In particolare oggi parlo di “formazione on-line” ma vale per ogni tipo di formazione. Mi sono già divertito a descriverti l’identikit del “fuffa coach” perché stai per scoprire nuove modalità per riconoscerli!

 

Anni fa avevo già affrontato questo argomento, ma non per rispondere ai lettori ma per capirci meglio qualcosa. Si perché la crescita personale è una vera giungla, e scommetto che te ne sei accorto anche tu!

Una giungla soprattutto da quando esiste la nostra cara internet! Si, il web è una meraviglia che sta rivoluzionando il mondo… dando la possibilità alle persone di esprimersi liberamente con “4 spiccioli”.

Se non esistesse internet per accedere a queste informazioni dovresti venire ad un corso dal vivo o “acquistare la mia cassettina” ed ascoltartela nel tuo stereo analogico. Ed io, dovrei avere una cada editrice per divulgare queste informazioni.

Invece oggi ti basta avere qualche piccola conoscenza informatica, qualche soldino da parte e poi iniziare a pubblicare ciò che desideri online.

Lo sai che la gente crede che internet sia un giocattolo? Una roba per esperti del computer… o un passatempo per sfigati?

Il web è il mezzo di comunicazione più potente che il genere umano potesse inventare.

E come tutti mezzi “di una certa potenza” può essere anche usato in modo sbagliato facendo danni. Uno di questi danni per quanto piccolo possa apparire sta nelle “bufale”.

Cioè nel mettere in giro informazioni sbagliate! Se lo si fa per ignoranza, niente di male, prima o poi qualcuno arriverà sul tuo sito a dirti che le cose non stanno così auto-regolando il sistema.

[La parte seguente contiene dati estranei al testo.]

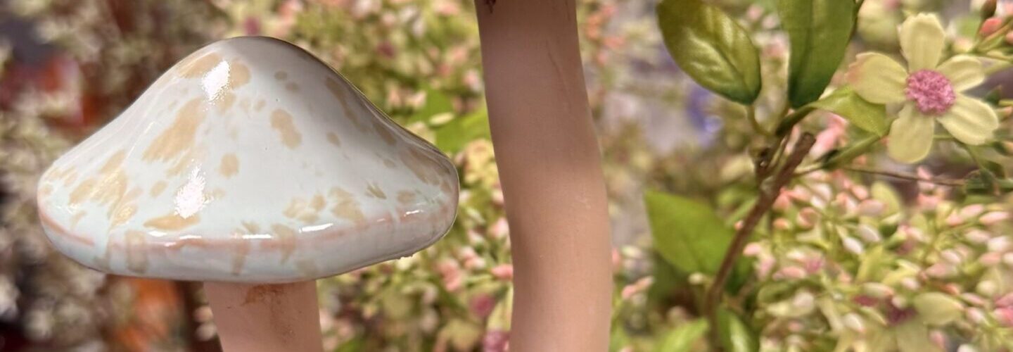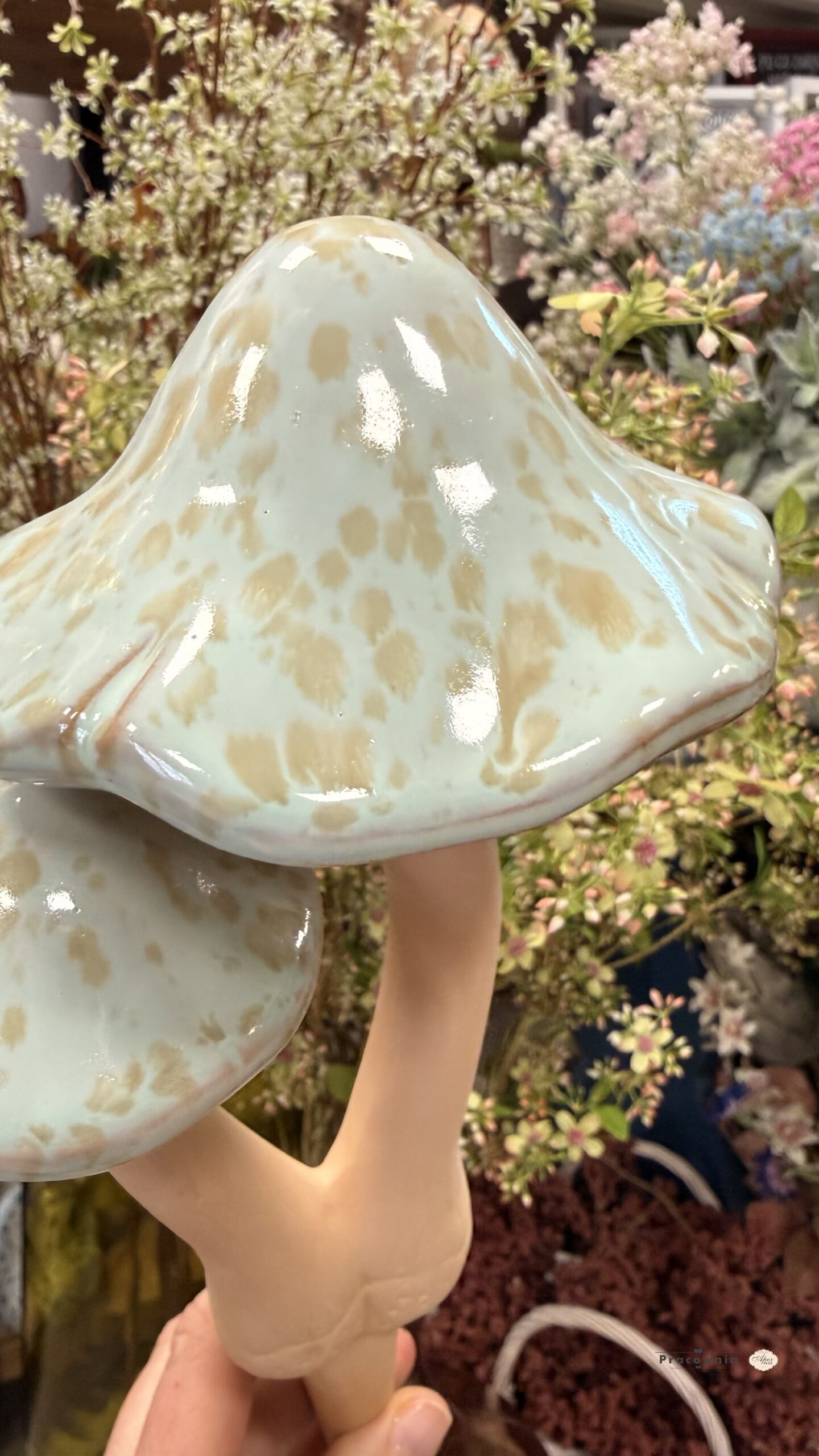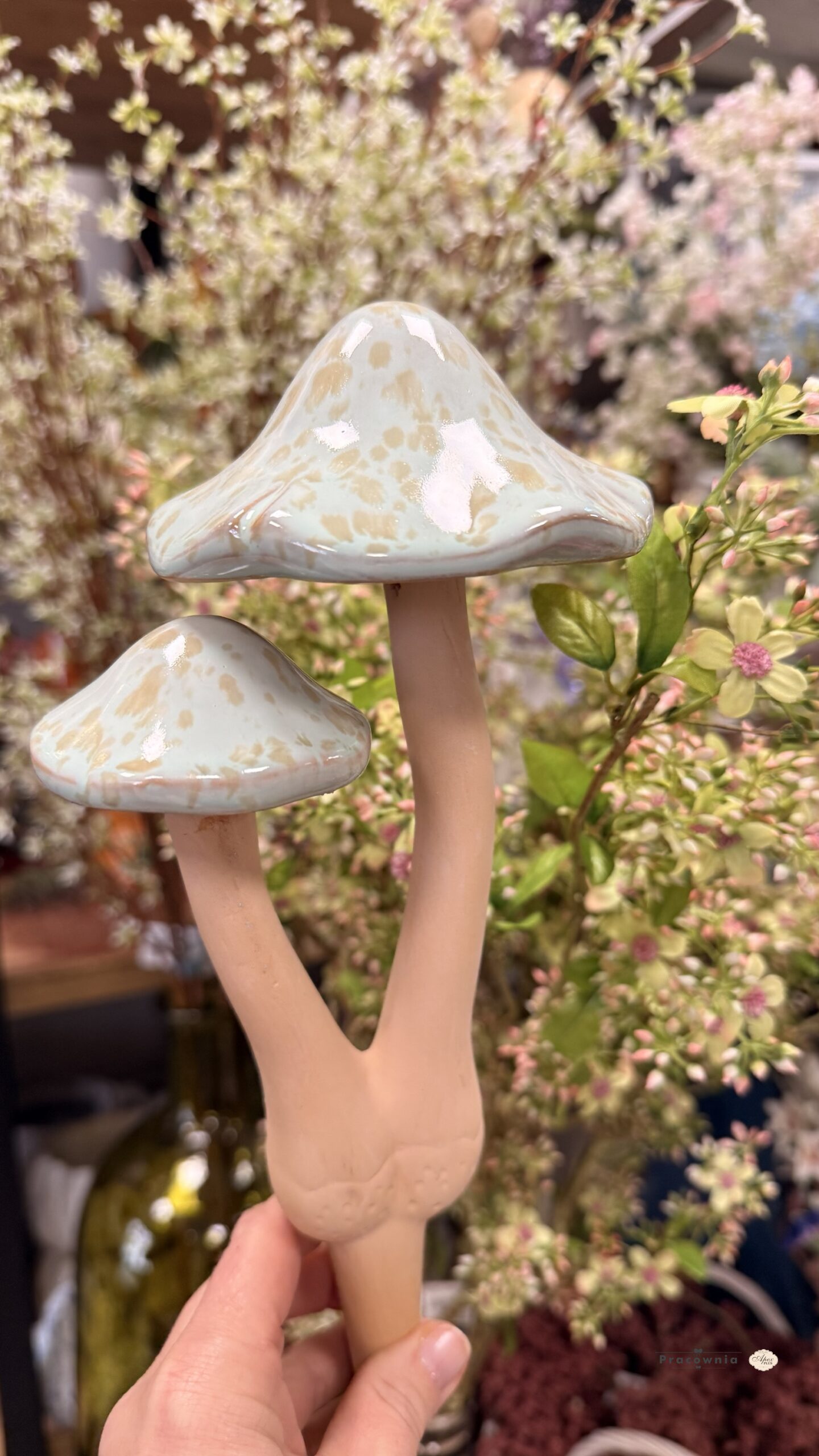 Grzyb ceramiczny podwójny9połączony korzeniem), z ruchomym kapeluszem w kolorze mięty z jasnobrązowymi ciapkami, o wys.30cm SKU: 297CAN50046 EAN: 5906688950611

Mentre se lo fai con intenzione, perché pensi che vendere un po’ di formazione online sia un ottimo business, allora si potrebbero fare dei danni!

Si lo so che il mondo “è pieno di gonzi” ma io non voglio che aumentino. Desidero invece persone intelligenti, con forte spirito critico, capaci di valutare se ciò che stanno scegliendo è utile o meno per loro.

Purtroppo il web ci sta dimostrando che la gran parte degli utenti online (forse ti arrabbierai un po’) non capisce una mazza. Così ci sono milioni di condivisioni sui social di false notizie, news che se uno ci avesse speso mezzo secondo in più si sarebbe accorto della bufala.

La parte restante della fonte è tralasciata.